5A is a front view showing a conventional linear motor, and FIG. 5A is a partially cutaway front view, and FIG.

[Explanation of symbols]

 DESCRIPTION OF SYMBOLS 1 ... Primary core 2 ... Secondary conductor 3 ... Air gap 4 ... Core plate 5 ... Core group 8 ... Slit 9 ... Coil 10, 17 ... Magnetic body 11, 14, 14a, 16 ... Non-magnetic conductor 15 ... Non-magnetic body

 ──────────────────────────────────────────────────続 き Continued on the front page (72) Keiichi Korogi, Inventor 2-1-1-17 Osaki, Shinagawa-ku, Tokyo Inside the Meidensha Corporation (72) Masayuki Kawaguchi 2-1-1-17 Osaki, Shinagawa-ku, Tokyo Stock Company Inside the company Meidensha (72) Inventor Takayuki Mizuno Inside the company Meidensha, 2-1-1-17 Osaki, Shinagawa-ku, Tokyo

Claims (2)

[Claims] 1. A core group is formed by stacking a plurality of comb-shaped core plates having a plurality of slits formed therein, and a plurality of core groups are radially arranged such that the slits are located on the inside and are connected to each other.
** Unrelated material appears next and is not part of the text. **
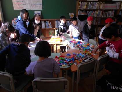 今日は,ビンゴ大会でした。運動場で遊べなかったからか,たくさんの人が図書室にきてくれました。景品もたくさん!図書委員さんたちは,思っていたよりもたくさんきて,とても驚いていました。

By forming the primary core by this, the coil is housed in the slit, and a long secondary conductor formed by providing a non-magnetic conductor on the outer periphery of the cylindrical magnetic body is surrounded by the core group in the primary core In a linear motor that is movably inserted through an air gap through an air gap, circumferential grooves are formed in the outer peripheral surface of the magnetic body at substantially equal intervals in the axial direction, and a non-magnetic conductor is embedded in the circumferential grooves. And a non-magnetic conductor and an outer peripheral surface of a magnetic material covered with a non-magnetic material. 2. The linear motor according to claim 1, wherein a magnetic material is used instead of the non-magnetic material covering the outer peripheral surface.